RECORDS FOR PROCESSING below:

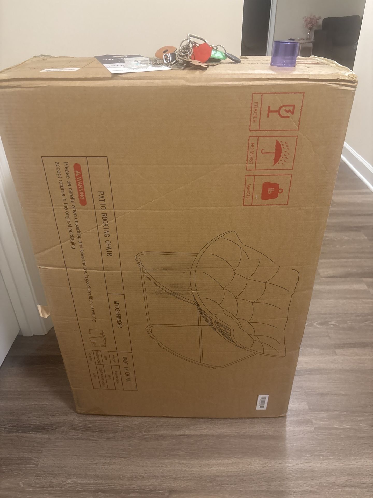 Brand-new patio rocking chair, never opened and still sealed in the original box. Perfect for a balcony, patio, or living room. Features a tufted cushion seat, metal rocking frame, and comfortable oversized design. Box is unopened — you’ll be the first to assemble it! Pickup in Virginia Beach
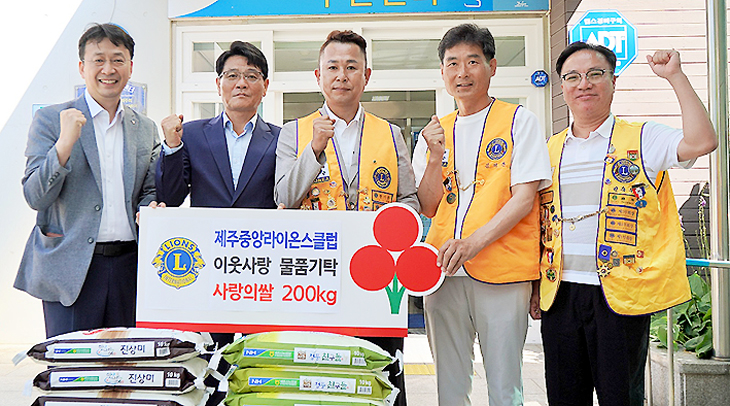 국제라이온스협회 354-G(제주)지구 제주중앙라이온스클럽(회장 현기종)은 지난 4일 삼양동(동장 고상익) 주민센터에서 제주사회복지공동모금회에 사랑의 쌀 200㎏을 기탁했다.
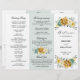 Modern elegant spring / midsummer tri fold wedding program features a bouquet of soft watercolor mustard yellow roses / peonies with greenery lush green leaves / botanical leaves / eucalyptus / succulents. Please find more matching designs and variations from my "blissweddingpaperie" store. And feel free to contact me for further customisation or matching items.
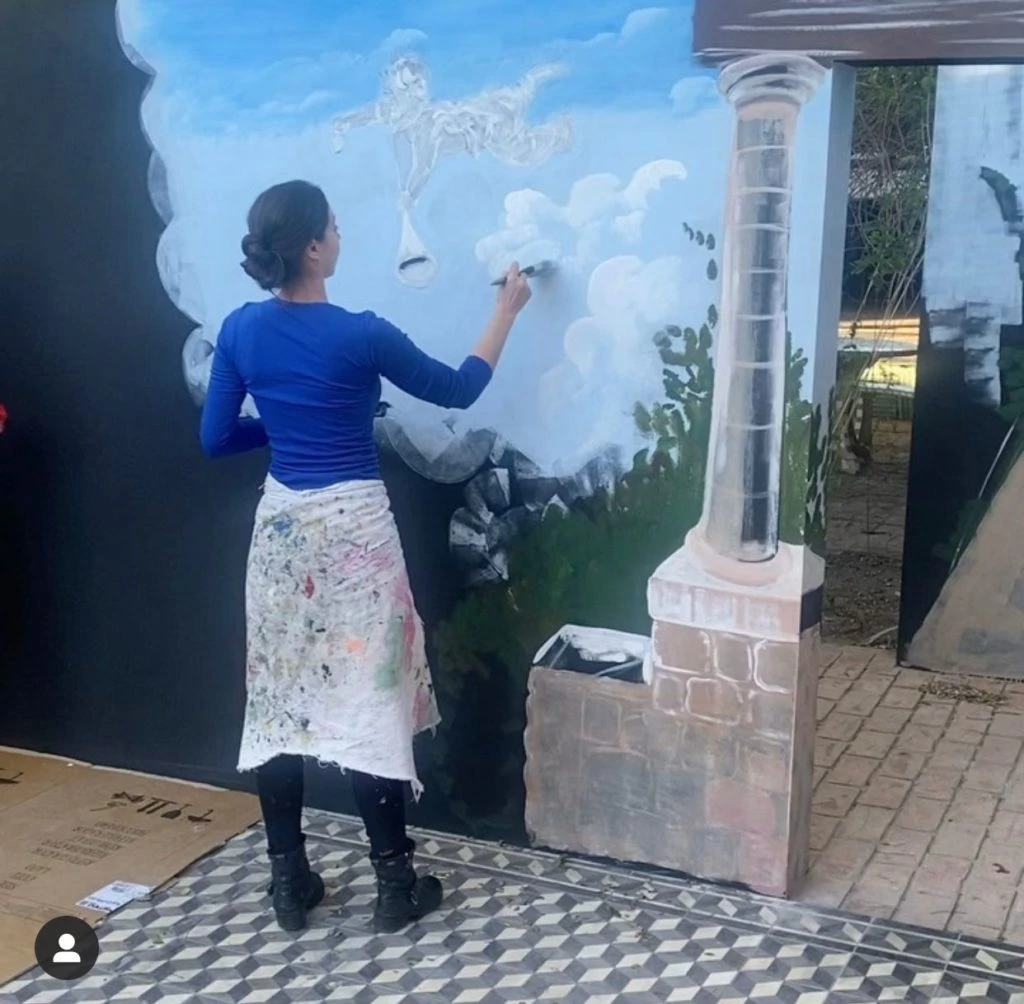 Es así que lució los detalles finales de un imponente mural la artista Noelia Fernández en el exterior de la casa en donde ilustro algunas paredes con el objetivo de integrarlas al entorno.
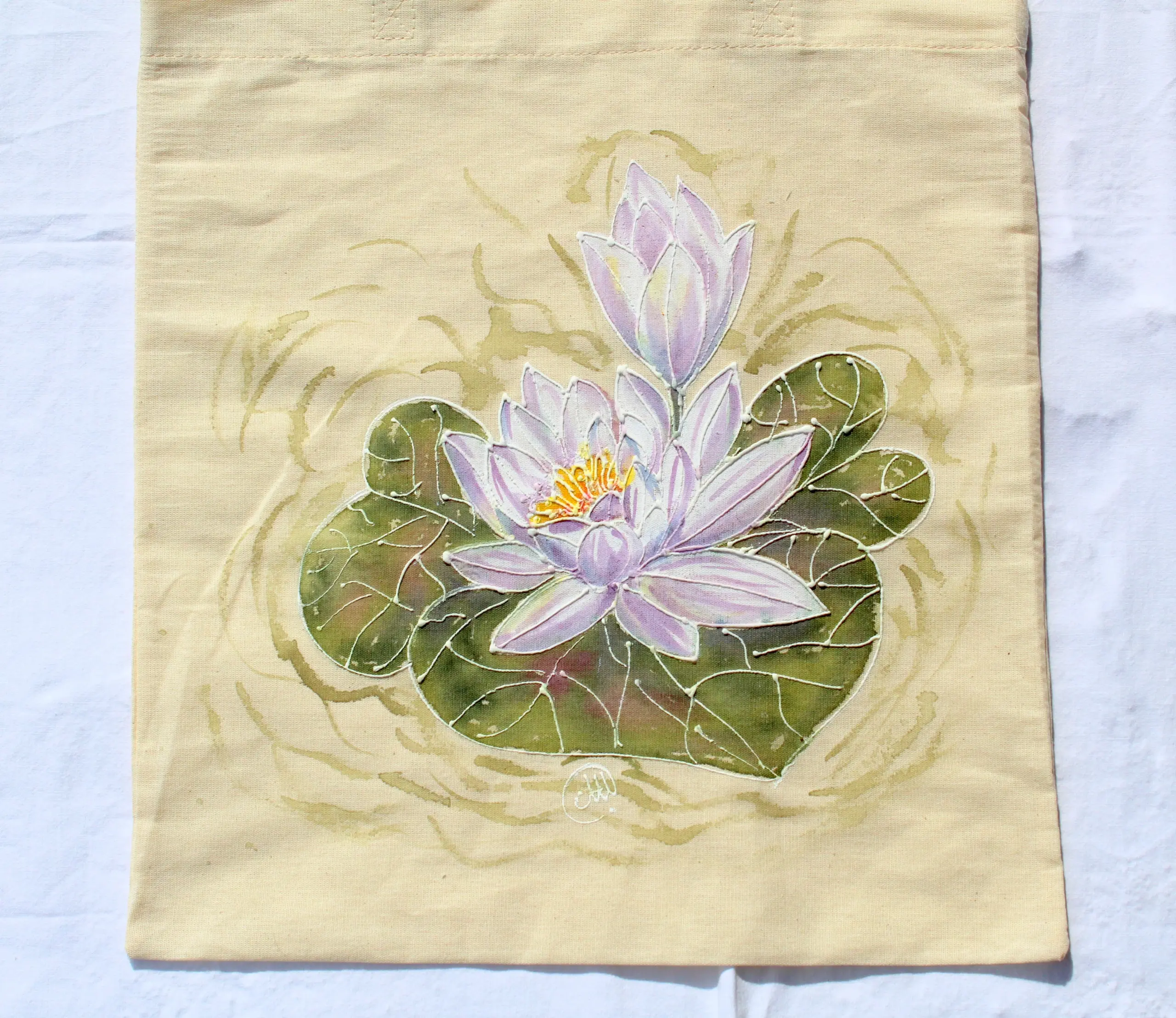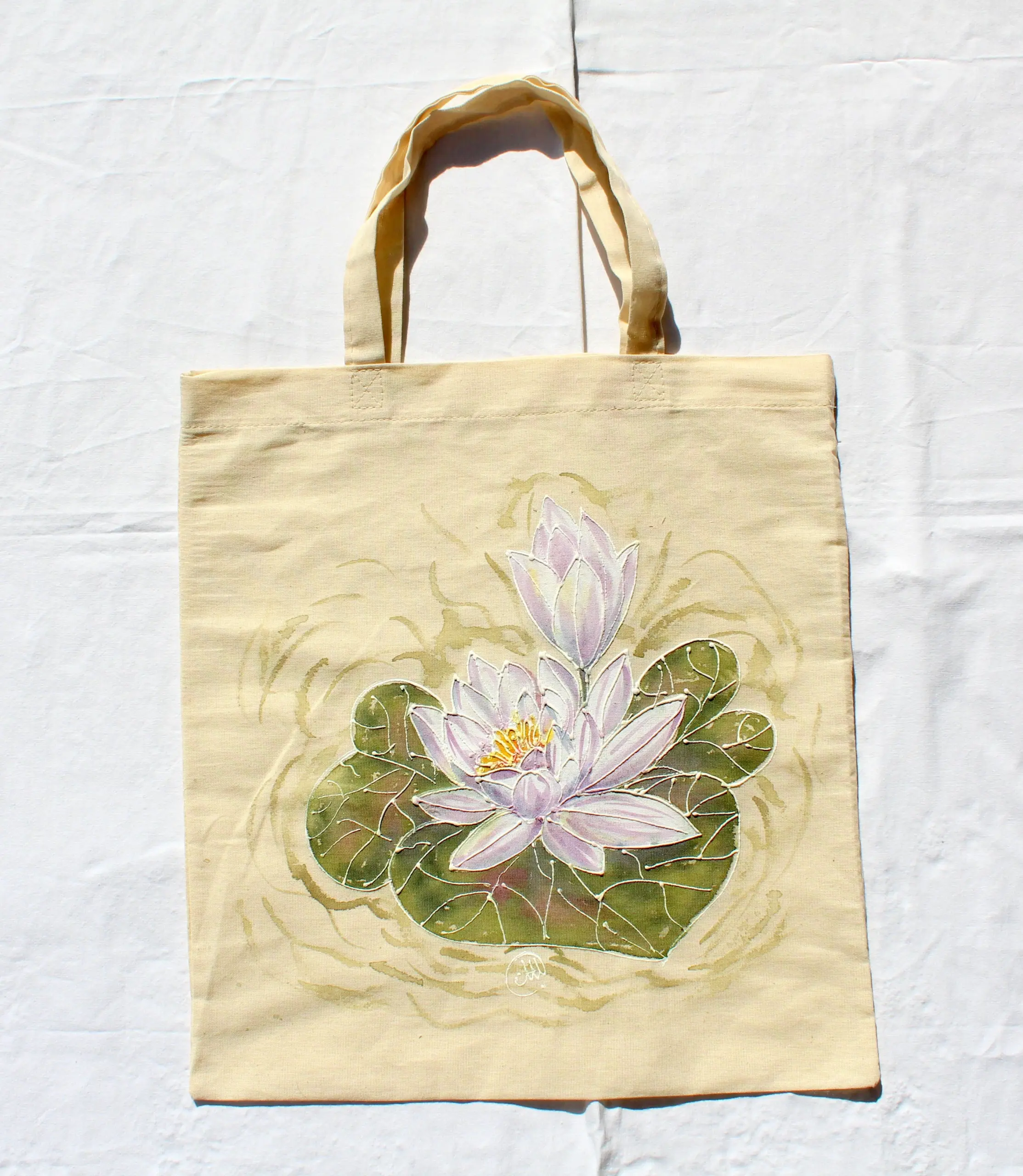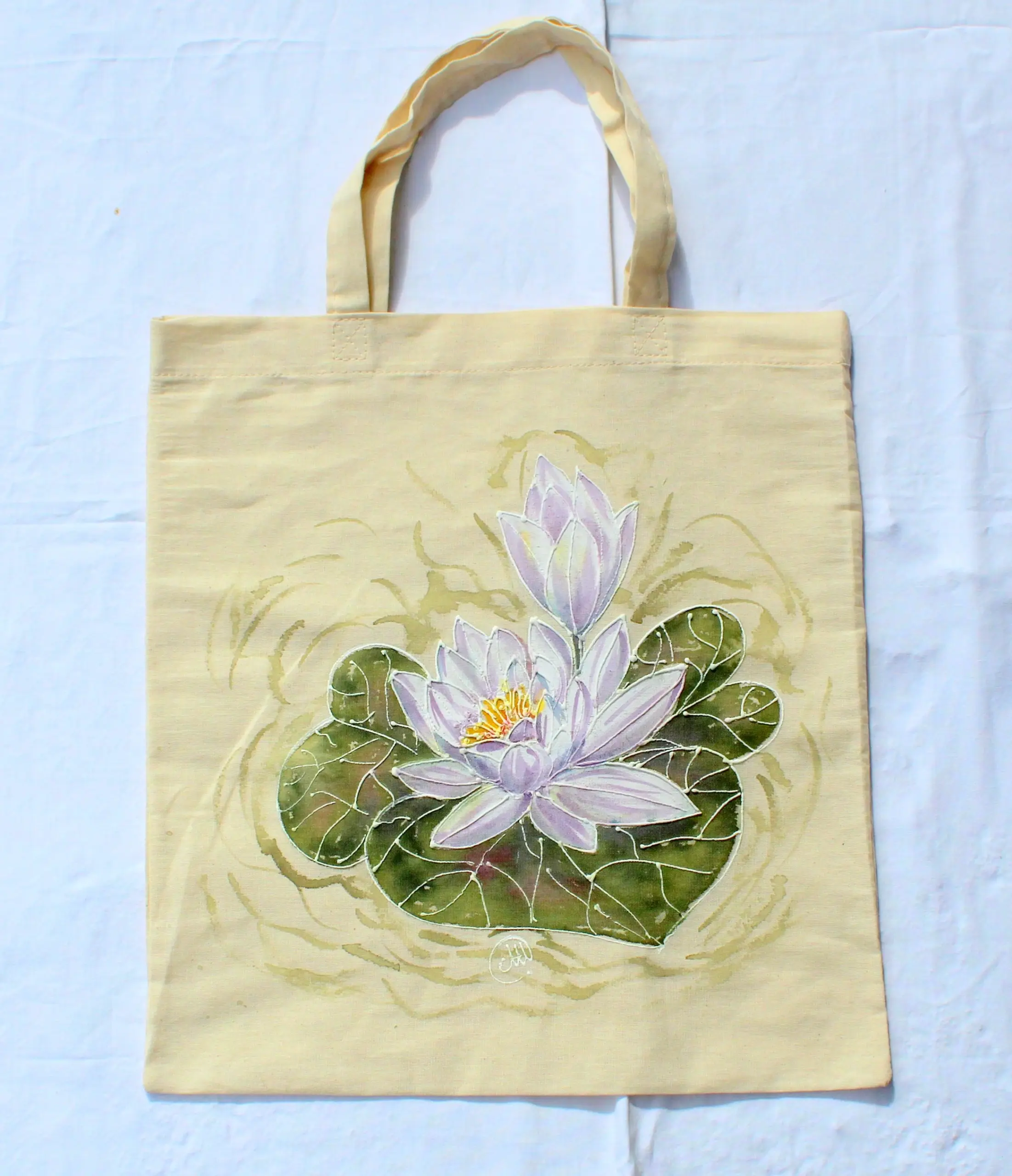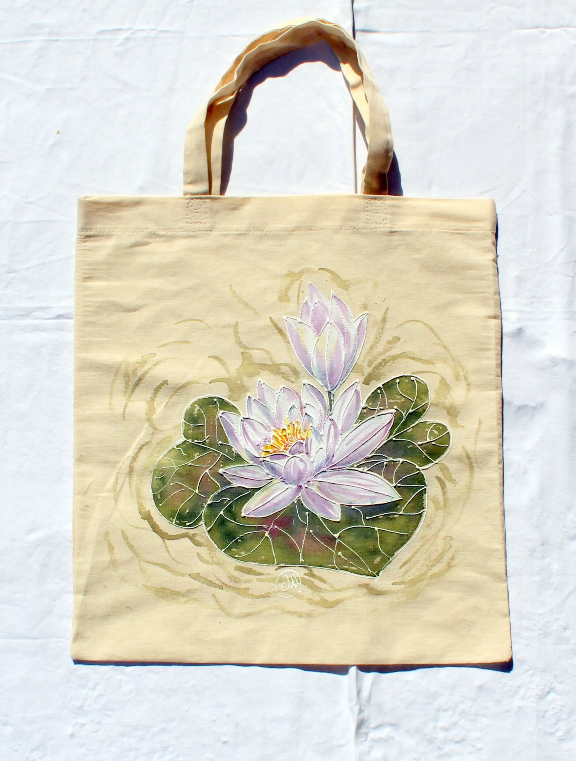 Всяка чанта е уникат, рисувано на ръка върху 100 % органичен памук с мотив.

End of RECORDS FOR PROCESSING.

The lines to retype begin with the one containing "Es así que lució" and end with the last line of the records. Reproduce them exactly and omit the pictures.

## [RESPONSE TO THE TASK]
 Es así que lució los detalles finales de un imponente mural la artista Noelia Fernández en el exterior de la casa en donde ilustro algunas paredes con el objetivo de integrarlas al entorno.
 Всяка чанта е уникат, рисувано на ръка върху 100 % органичен памук с мотив.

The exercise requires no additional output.